TASK REQUIREMENTS >> Exactly the lines below starting at the line with "Der Austrieb von/*Polystichum" and ending at the line with "马春宇向全体教职工介绍了新任" are wanted, with both ends included. Leave out the pictures and add no other lines.

DATA SHOWN >>
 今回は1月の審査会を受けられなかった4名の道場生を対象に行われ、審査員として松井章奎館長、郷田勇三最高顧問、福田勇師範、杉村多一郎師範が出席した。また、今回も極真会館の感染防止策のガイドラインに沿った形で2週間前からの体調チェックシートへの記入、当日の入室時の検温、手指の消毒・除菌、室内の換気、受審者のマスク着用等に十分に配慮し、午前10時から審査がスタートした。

---

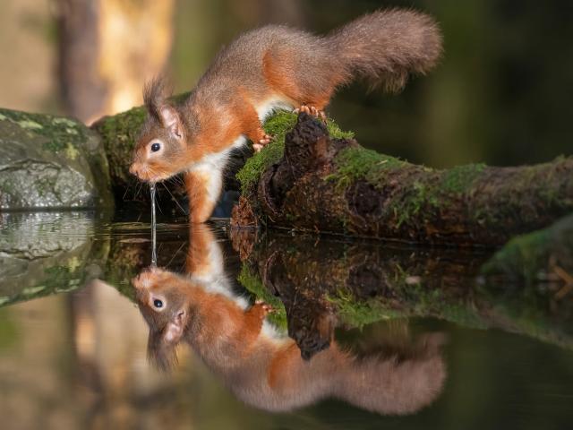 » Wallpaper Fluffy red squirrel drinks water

--

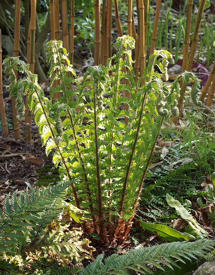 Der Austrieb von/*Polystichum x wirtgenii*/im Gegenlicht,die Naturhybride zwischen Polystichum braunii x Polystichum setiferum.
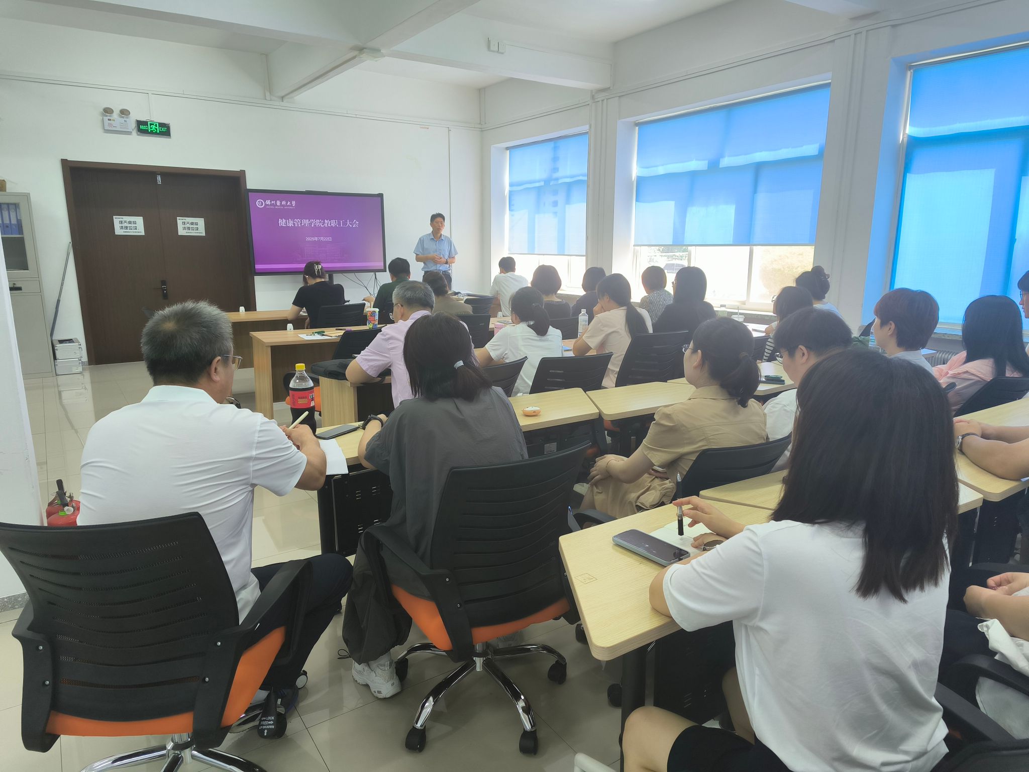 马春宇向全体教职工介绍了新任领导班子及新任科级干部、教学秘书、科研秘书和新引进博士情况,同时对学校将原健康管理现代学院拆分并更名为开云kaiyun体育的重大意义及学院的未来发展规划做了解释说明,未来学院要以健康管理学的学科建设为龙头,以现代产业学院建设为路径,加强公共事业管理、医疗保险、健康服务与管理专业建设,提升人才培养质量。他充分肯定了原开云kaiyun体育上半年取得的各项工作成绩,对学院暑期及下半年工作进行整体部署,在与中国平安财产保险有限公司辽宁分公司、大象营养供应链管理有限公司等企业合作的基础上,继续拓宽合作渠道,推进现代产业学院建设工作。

TASK SOLUTION >>
 Der Austrieb von/*Polystichum x wirtgenii*/im Gegenlicht,die Naturhybride zwischen Polystichum braunii x Polystichum setiferum.
 马春宇向全体教职工介绍了新任领导班子及新任科级干部、教学秘书、科研秘书和新引进博士情况,同时对学校将原健康管理现代学院拆分并更名为开云kaiyun体育的重大意义及学院的未来发展规划做了解释说明,未来学院要以健康管理学的学科建设为龙头,以现代产业学院建设为路径,加强公共事业管理、医疗保险、健康服务与管理专业建设,提升人才培养质量。他充分肯定了原开云kaiyun体育上半年取得的各项工作成绩,对学院暑期及下半年工作进行整体部署,在与中国平安财产保险有限公司辽宁分公司、大象营养供应链管理有限公司等企业合作的基础上,继续拓宽合作渠道,推进现代产业学院建设工作。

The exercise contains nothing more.